Can you derive the exponential property $ [f(x+y) = f(x)\cdot f(y)]$ from $y' = y$?

Question

There are a variety of different ways to define the natural exponential function, but the definition that feels the most conceptually elegant to me is to define it as the function that is its own derivative, and that $\text{exp}(0)=1$. I am currently trying to figure out if it is possible to derive all the properties of $e^x$/$\text{exp}(x)$ merely from this fact.
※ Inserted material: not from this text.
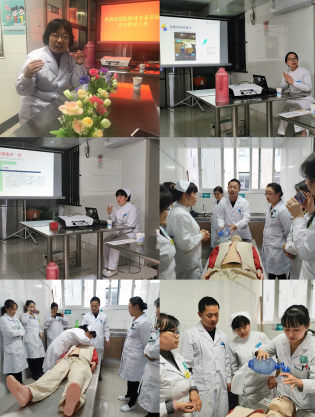 肖一峰护士长、主管护师刘海燕运用多媒体课件对急诊病情的分级和如何判断病人心跳呼吸停止以及心肺复苏的指征、操作步骤、救助过程中的要点、注意事项、复苏成功的指征等进行了详细讲解。操作技术过硬、经验丰富的刘海燕和师蒙为大家进行了心肺复苏术的同步演示,并现场指导大家进行分组模拟练习,规范操作动作和急救操作步骤,确保人人掌握、人人熟练。

In addition, I have defined the natural logarithm to simply be the inverse of $\text{exp}(x)$, which was enough to determine that the derivative of $\ln{x}$ is $\frac{1}{x}$. I have been trying in vain to prove from this definition that $\forall{k}\in\mathbb{R},\text{exp}(x+k)=\text{exp}(x)\space\cdot\space\text{exp}(k)$.

Answer 1

Note that (provided $\exp(k)\ne0$), we have for $f(x):=\frac{\exp(x+k)}{\exp(k)}$, $$f(0)=\frac{\exp(0+k)}{\exp(k)}=1,\qquad f'(x)=\frac{\exp'(x+k)}{\exp(k)}=\frac{\exp(x+k)}{\exp(k)}=f(x)$$ so that by uniqueness of the solution, $f(x)=\exp(x)$ for all $x$. Hence, $$ \exp(x+k)=\exp(x)\exp(k)\quad \text{if }\exp(k)\ne0.$$ As $\exp(0)=1$, we have $\exp(k)\ne0$ in a neighbourhood of $0$, hence if $\exp(x)=0$, then $\exp$ is also $=0$ in a neighbourhood of $x$. It follows that $$\{\,x\in\Bbb R\mid \exp(x)=0\,\} $$ is open - but it trivially is also closed, and is non-empty. This means that it is all of $\Bbb R$. Hence we can strike our caveats and have $$ \exp(x+k)=\exp(x)\exp(k)\quad \text{for all }x,k\in \Bbb R.$$

Answer 2

Both expressions solve the initial value problem $$y'(x)=y(x) ,\quad y(0)=\exp(k),$$ which has a unique solution. So they must be equal.

(More conceptually, that identity is a reflection of the fact that solutions of first-order ODEs are flows.)